Further, triboelectricity assembly 100 comprises the first triboelectricity unit 110 and the second triboelectricity unit 120 be oppositely arranged, wherein, first triboelectricity unit 110 is fixedly installed on the end face of the chamber resettling that elastic sealing layer 600 is formed, second triboelectricity unit 120 is fixedly installed on the bottom surface of the chamber resettling that elastic sealing layer 600 is formed, elastic sealing layer 600 can make the first triboelectricity unit 110 in triboelectricity assembly 100 and the second triboelectricity unit 120 remain in contact with one another when free state, and can be subject to expanding deformation when external force is inflated in chamber resettling at air bag 500, so that the first triboelectricity unit 110 in triboelectricity assembly 100 can be separated with the second triboelectricity unit 120 under the effect of insufflation gas, thus the signal of telecommunication needed for exporting.

Thus, as shown in Figure 5, close contact friction generator in the present embodiment is when free state, due to the pressuring action of the elastic sealing layer 600 in shield shell 400, namely elastic sealing layer 600 is in compacted state when free state, therefore to the effect that the first triboelectricity unit 110 be fixed on the end face of the chamber resettling that elastic sealing layer 600 is formed is strong with the second triboelectricity unit 120 be fixed on the bottom surface of the chamber resettling that elastic sealing layer 600 is formed, therefore make the first triboelectricity unit 110 on the end face of the chamber resettling being fixed on elastic sealing layer 600 formation together with the second triboelectricity unit 120 close contact on the bottom surface of chamber resettling being fixed on elastic sealing layer 600 formation, now, first triboelectricity unit 110 and the second triboelectricity unit 120 all can carry a certain amount of electric charge, thus overcome the problem of friction generator in the needs activation of use initial stage.

As shown in Figure 6, close contact friction generator in the present embodiment is (air bag 500 is stressed) when stress, gas in air bag 500 can be filled with in the chamber resettling of elastic sealing layer 600 formation by seal tube 510, with force the first triboelectricity unit 110 on the end face of the chamber resettling being fixed on shield shell 400 inside be fixed on shield shell 400 inside chamber resettling bottom surface on the second triboelectricity unit 120 be separated, now, the quantity of electric charge on first triboelectricity unit 110 and the second triboelectricity unit 120 can change, thus the signal of telecommunication needed for exporting.

Below in conjunction with Fig. 7 to Figure 11, the concrete structure of the triboelectricity assembly in close contact friction generator of the present utility model is described.

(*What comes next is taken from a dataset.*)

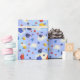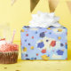 Bonés de formatura coloridos são jogados no ar e mostrados contra um céu azul com nuvens fofinhas. Perfeito para embrulhar presentes de graduação!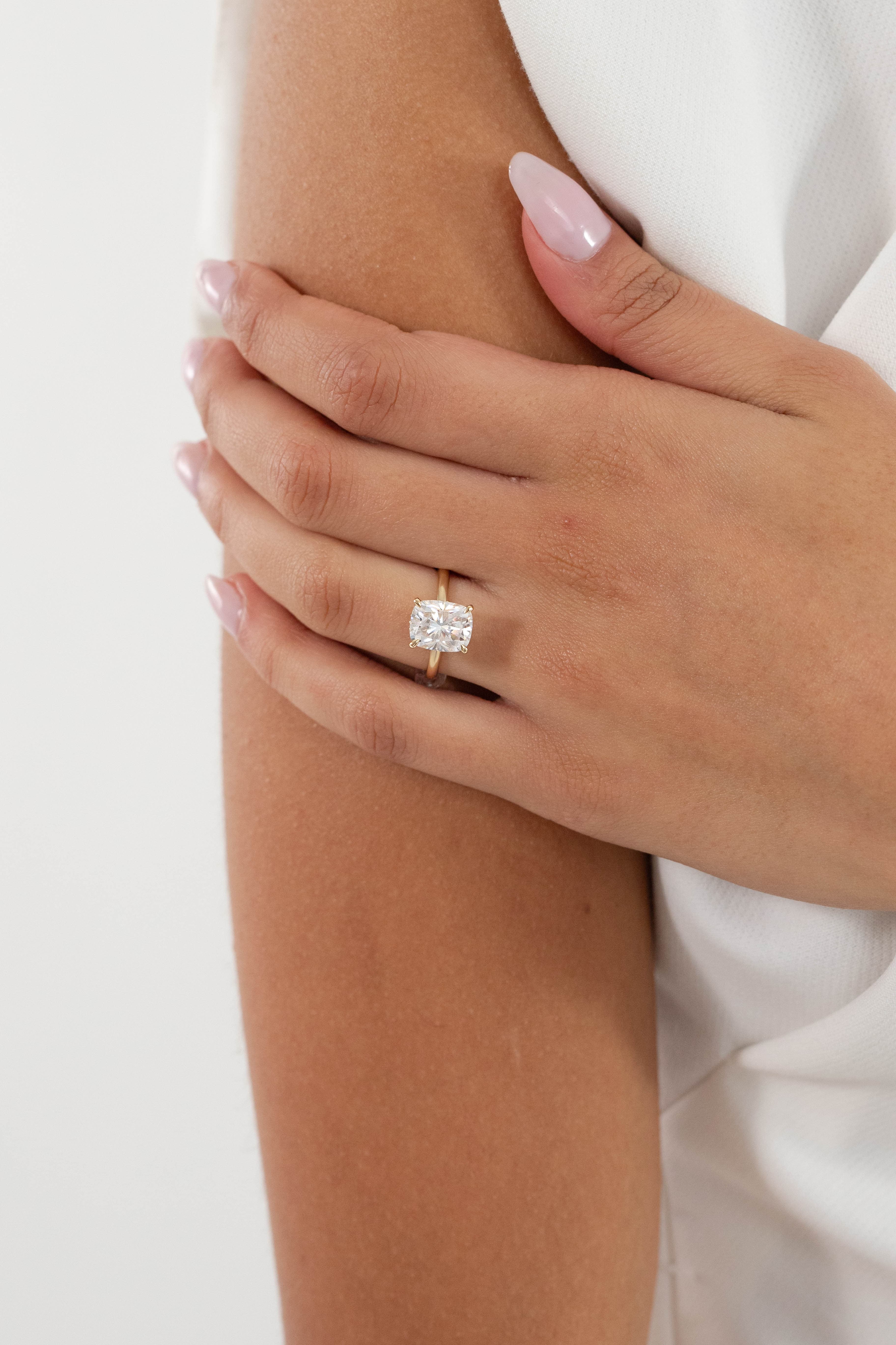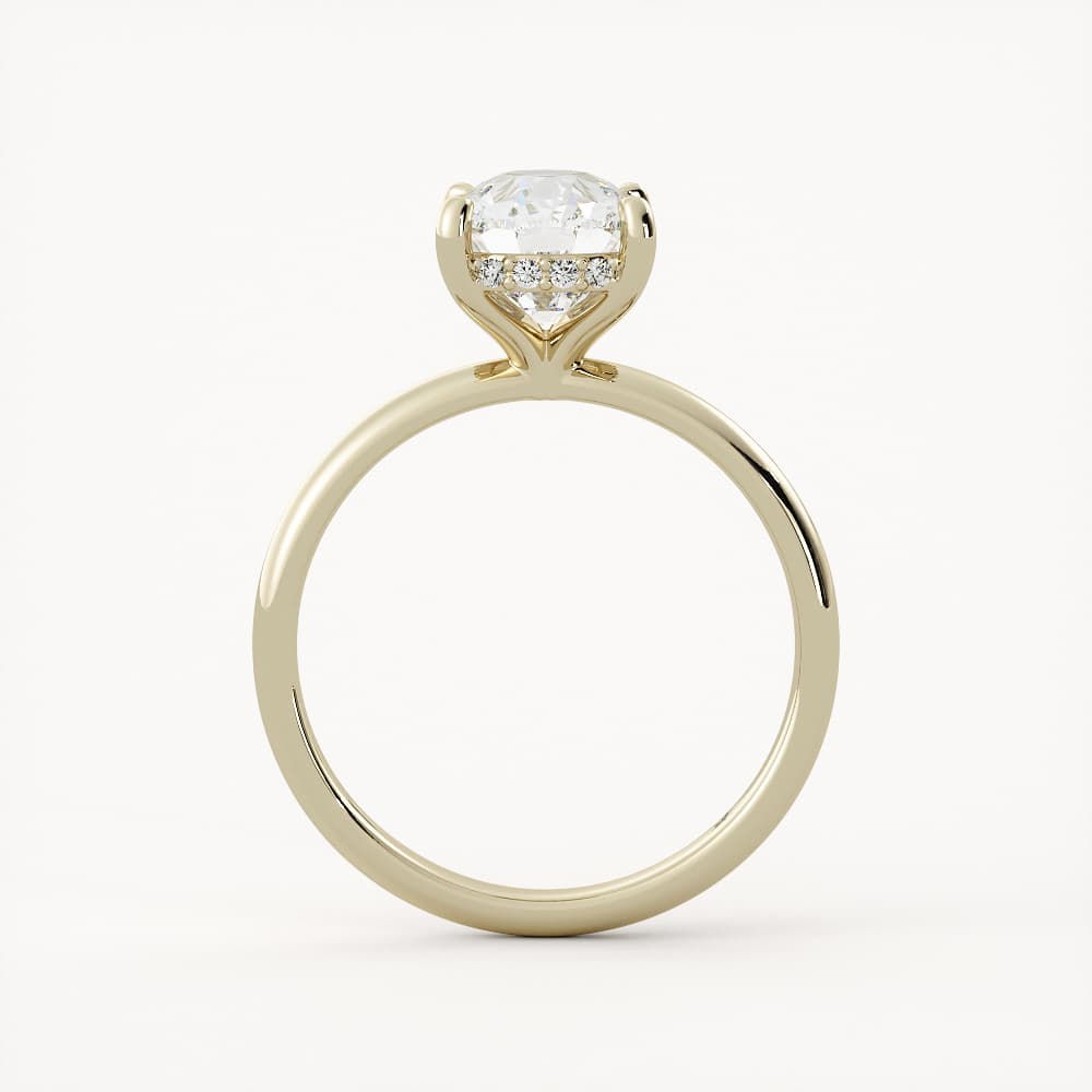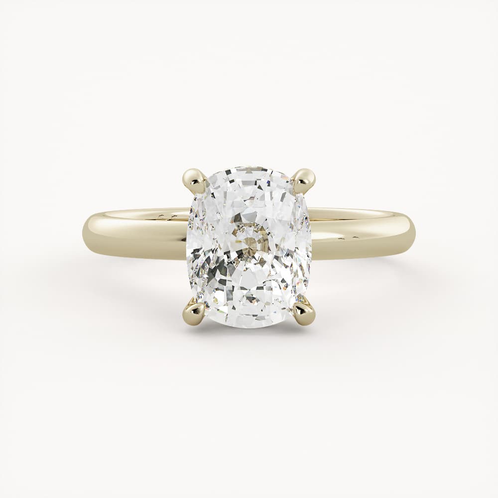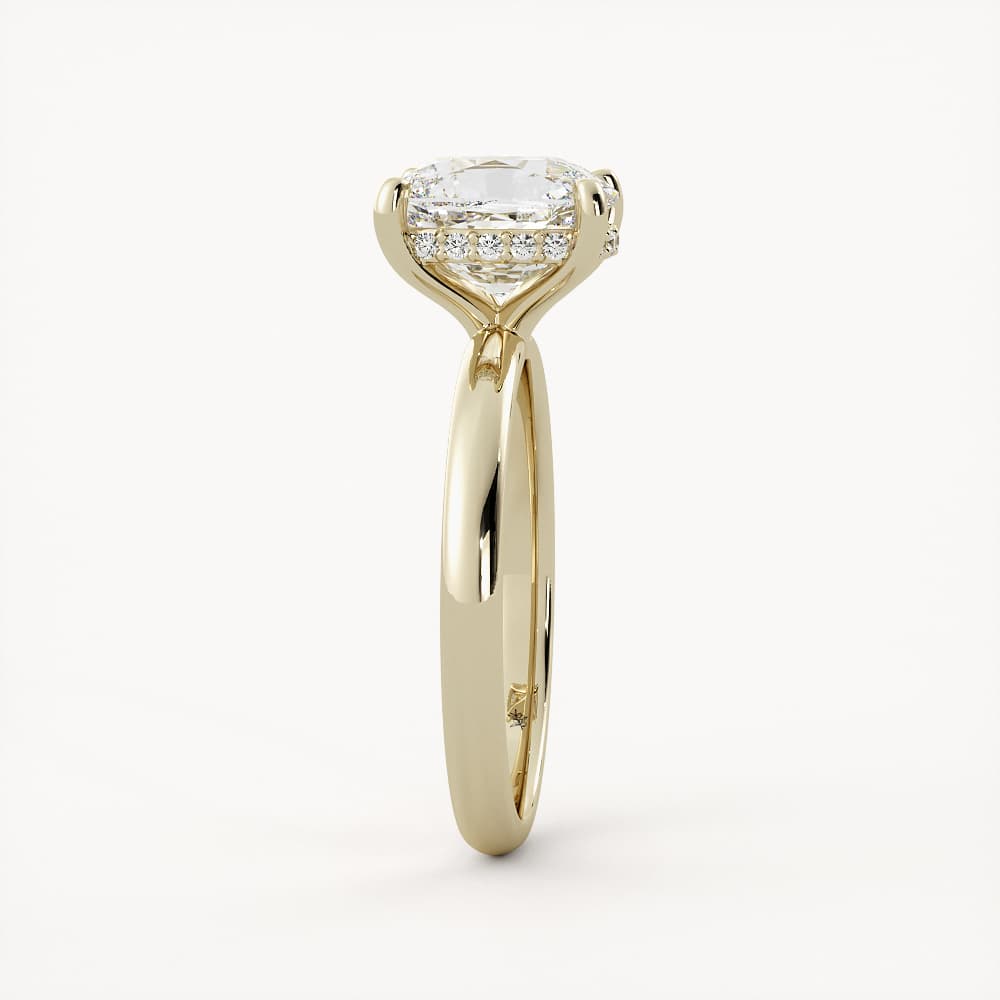 Rooted in tradition, Eliza features a classic elongated cushion solitaire known for its enduring elegance. Set with a traditional setting on a half-rounded 2mm shank, the design preserves its heritage while introducing a hidden halo. This intentional detail offers its light only to those who look closely. Eliza captures the small, fleeting illuminations that shape our days, translating them into a delicate yet constant shimmer, felt more than seen and remembered long after.

As shown in Figure 7, it is the first embodiment of the triboelectricity assembly in the utility model.In the present embodiment, triboelectricity assembly 100 comprises the first triboelectricity unit 110 and the second triboelectricity unit 120 be oppositely arranged.First triboelectricity unit 110 comprises the first electrode layer 111 and the first high molecular polymer insulating barrier 112 of stacked setting, second triboelectricity unit 120 comprises the second electrode lay 121 and the second high molecular polymer insulating barrier 122 of stacked setting, wherein, first high molecular polymer insulating barrier 112 and the second high molecular polymer insulating barrier 122 are oppositely arranged formation frictional interface, the surperficial phase mutual friction of the first high molecular polymer insulating barrier 112 and the second high molecular polymer insulating barrier 122 can produce electrostatic charge, first electrode layer 111 and the second electrode lay 121 are the output electrode of triboelectricity assembly.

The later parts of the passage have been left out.